Fabrication and Characterization of an Aptamer-Based N-type Silicon Nanowire FET Biosensor for VEGF Detection

Abstract

Cancer detection is an important part of modern medical diagnosis and many strategies based on nanotechnology had been developed in recent years. Of which, silicon nanowire (SiNW) field-effect transistor (FET) biosensor via DNA aptamer capture is considered as an interesting and viable option. Hence, in this report, we had assembled a n-type triple SiNW FET biosensor for the detection of vascular endothelial growth factor (VEGF) via surface functionalized DNA aptamer for a proof-of-concept. The SiNW FET biosensor was fabricated via "top-down" approach and the physical nature of the nanowire assembly was examined via atomic force microscopy (AFM) as well as scanning electron microscopy (SEM). We had subsequently grafted VEGF specific DNA aptamer via conventional EDC/NHS chemistry and later measured the conductance of the nanowires in a four-point probe detector for VEGF detection.

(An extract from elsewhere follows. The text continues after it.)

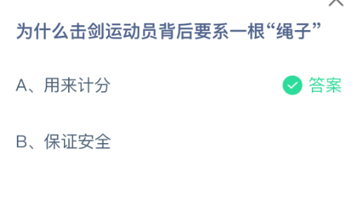 为什么击剑运动员背后要系一根“绳子”?支付宝小鸡课堂开课啦!每天花一分钟答题赚饲料,喂喂小鸡就能贡献爱心啦!轻松又意义十足!2025年10月30日蚂蚁庄园的小鸡课堂题目正确答案是【用来计分】,击剑绳上装有感应器,当运动员用剑尖击中感应器时,就会产生信号,判定运动员得分。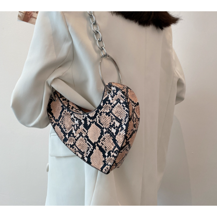 Сумка у формі серця зі зміїним принтом, 22х22х6 см

We had demonstrated that the detection of VEGF was possible even at a concentration of 2.59 nM which was highly comparable to the other common biosensors for detection of VEGF protein. In addition to being scalable with complementary metal–oxide–semiconductor (CMOS) technology, the findings as demonstrated from our simple SiNW FET biosensor setup had helped to provide better insights towards optimizing the approach for the development of the next generation of miniature biosensors.